Real vs Nominal (Interest rates and GDP)
This post is for all those lucky public school teachers out there who make $28,000 a year. Have you ever wished that you could use those dollars in, for example, 1914. I'm sure you've considered it. Just think! If I had only been able to take $100 of my money and put it into Coca-Cola. I'd be rich!
I know you all realize this is just wishful fancy. However, I must burst your bubble further. Just as you cannot go back in time, you also cannot assume $28,000 of currency in 2008 translates into the same thing in 1914. We have to take into account that word that homeowners love (because it makes them wealthier), and teachers hate (because they live on fixed income) Inflation!
This is the difference between real and nominal variables in economics, real variables have been adjusted for inflation. For example, say as a teacher you make $28,000 a year. However, you do not receive pay raises and every year inflation causes the price level to increase by 5% generally. You might think you income is staying the same. But it turns out, to your dismay, that you are effectively receiving a 5% paycut every year!
In the same line of thinking. Let's say our GDP grew a nominal rate of 8% from 2007-2008. However, inflation was 6%. Adjusted for inflation, our GDP would have grown by a real rate of 2%.
It also works the same way for interest rates. Let's say you put money into a savings account at 2% interest.
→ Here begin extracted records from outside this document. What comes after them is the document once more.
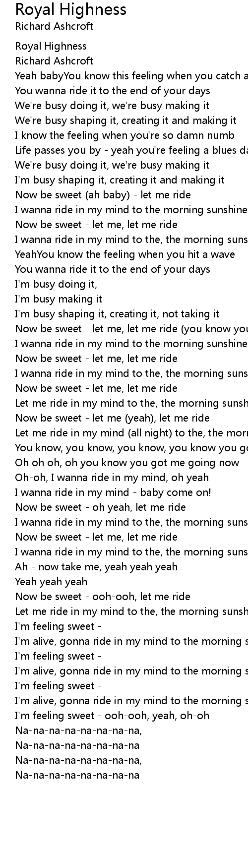 Royal Highness Lyrics
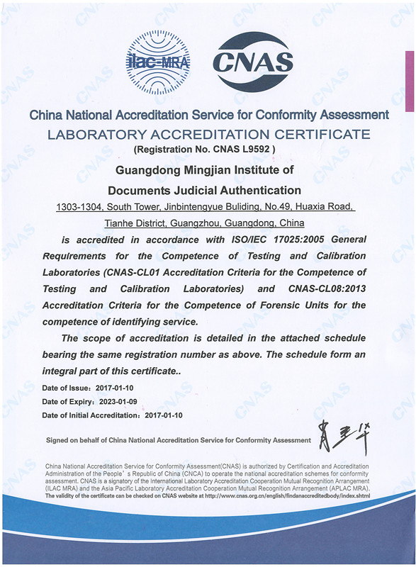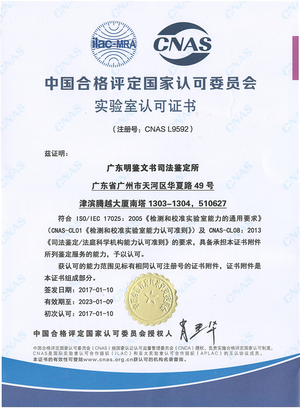 本所符合ISO/IEC 17025:2005《检测和校准实验室能力的通用要求》(CNAS-CL01《检测和校准实验室能力认可准则》)及CNAS-SL08:2013《司法鉴定/法庭科学机构能力认可准则》的要求,2017年01月10日获颁中国合格评定国家认可委员会实验室认可证书。
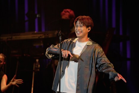 バックバンドを従え、冒頭からソウルフルかつパワフルなボーカルを響かせるMORISAKIは、全身でリズムに乗ってオーディエンスの体を揺らす。「パレード - PARADE」はスズキ ソリオ バンディットのCMソングとしておなじみの楽曲だが、曲中には照明演出を効果的に使ったダンスブレイクが差し込まれ、ライブステージならではのエンタテイメント性の高いパフォーマンスで観る者を魅了していくMORISAKI。スタンドマイクに手を置き、スムースで艶のある歌声を聴かせた「WonderLand」を終えると、彼は「皆さん楽しむ準備できてますか! 今日は思う存分手を叩いてください」と気合いのにじむ声でWIN's CREW(MORISAKI WINファンの総称)に呼びかけた。
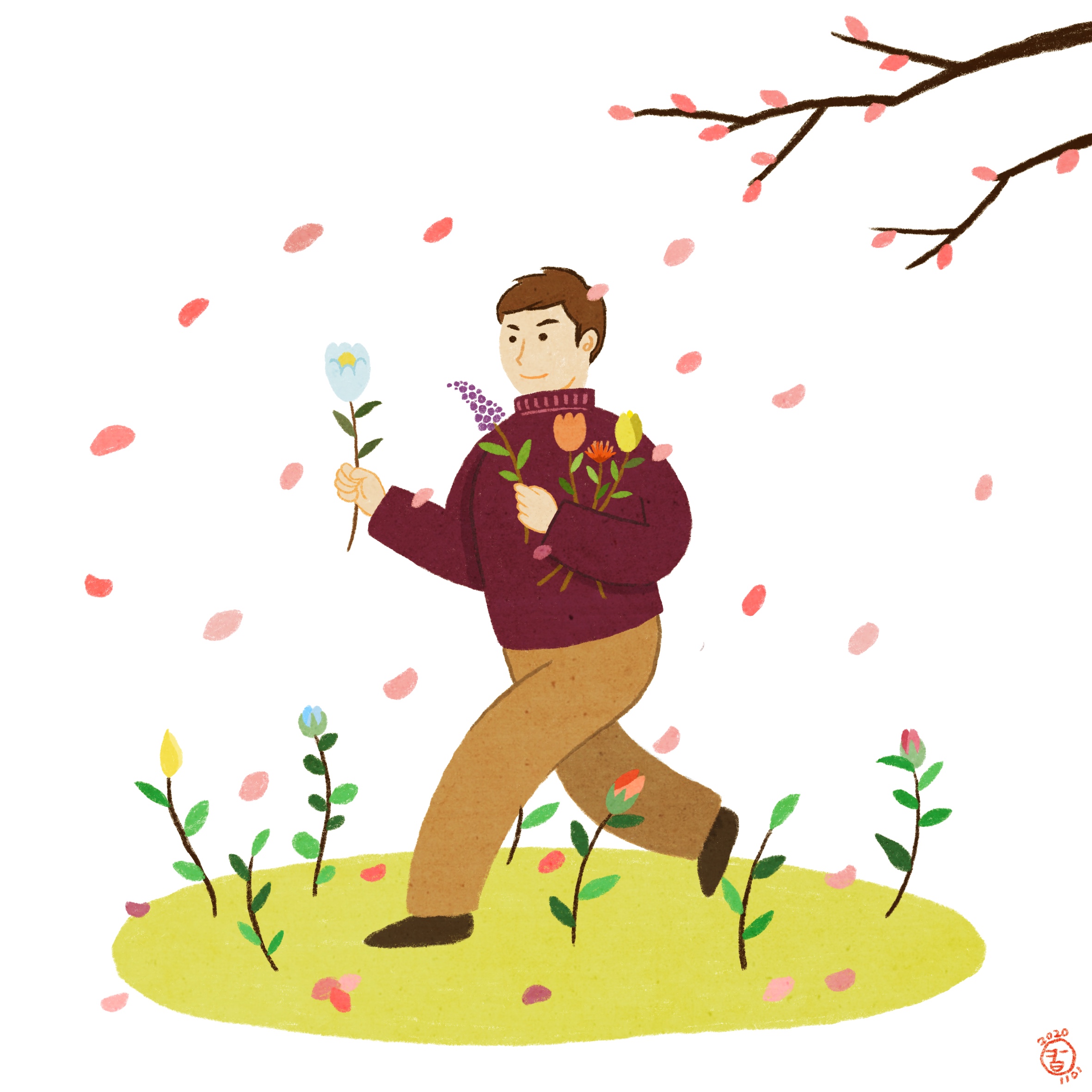 품 안에 꼭 안고있는 꽃들은 이제까지의 연애를 통해 나에게 남은 것들을 활짝 핀 꽃으로 표현했다. 걷고 있는 길에 놓인 꽃가지들은 앞으로의 연애를 나타내며 꽃 피우기 전의 꽃망울을, 힘찬 걸음걸이를 통해 더 많은 경험을 하기 위해 기꺼이 앞으로 나아가겠다는 의지를 표현했다.
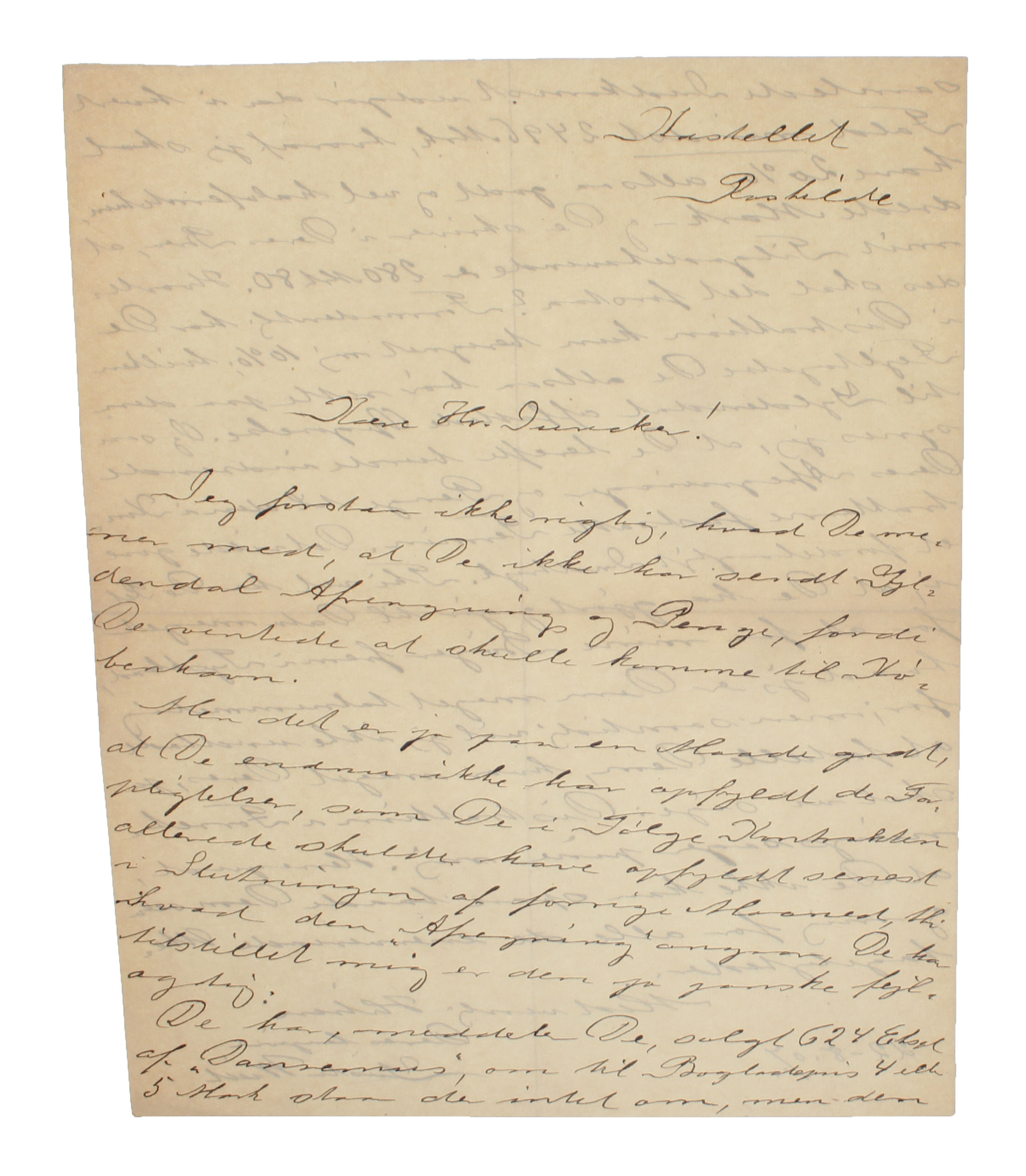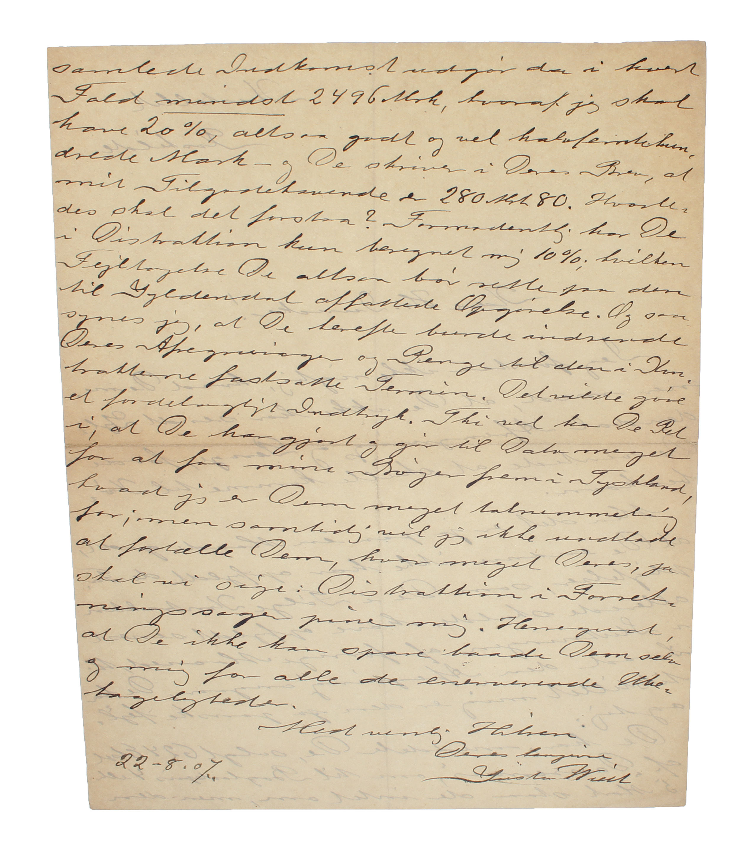 Kastellet, Roskilde, 1907. Lille 4to. 2 sider. Juncker har ikke afregnet salg af Wieds bøger hurtigt nok, både overfor Gyldendal og overfor ham selv. Wied laver regnestykker over gælden og slutter brevet med "...men samtidig vil jeg ikke undlade at fortælle Dem, hvor meget Deres, ja skal vi sige: Distraktion i Forretningssager pine mig. Herregud, at De ikke kan spare baade Dem selv og mig for alle de enerverende Ubehageligheder."

However, inflation is usually around 3% even in a healthy economy. You are in fact losing 1% of the value of your money by putting it into a savings account!
Therefore, you have to be wary of inflation when you are considering your financial future. You may think you are gaining something or only losing a little, when it fact it is more than you bargained for! Yet, inflation can be a good thing for some people. As I previously stated for someone who owns a home. If the rate of inflation is higher than the real interest rate, your home gains value by just sitting there!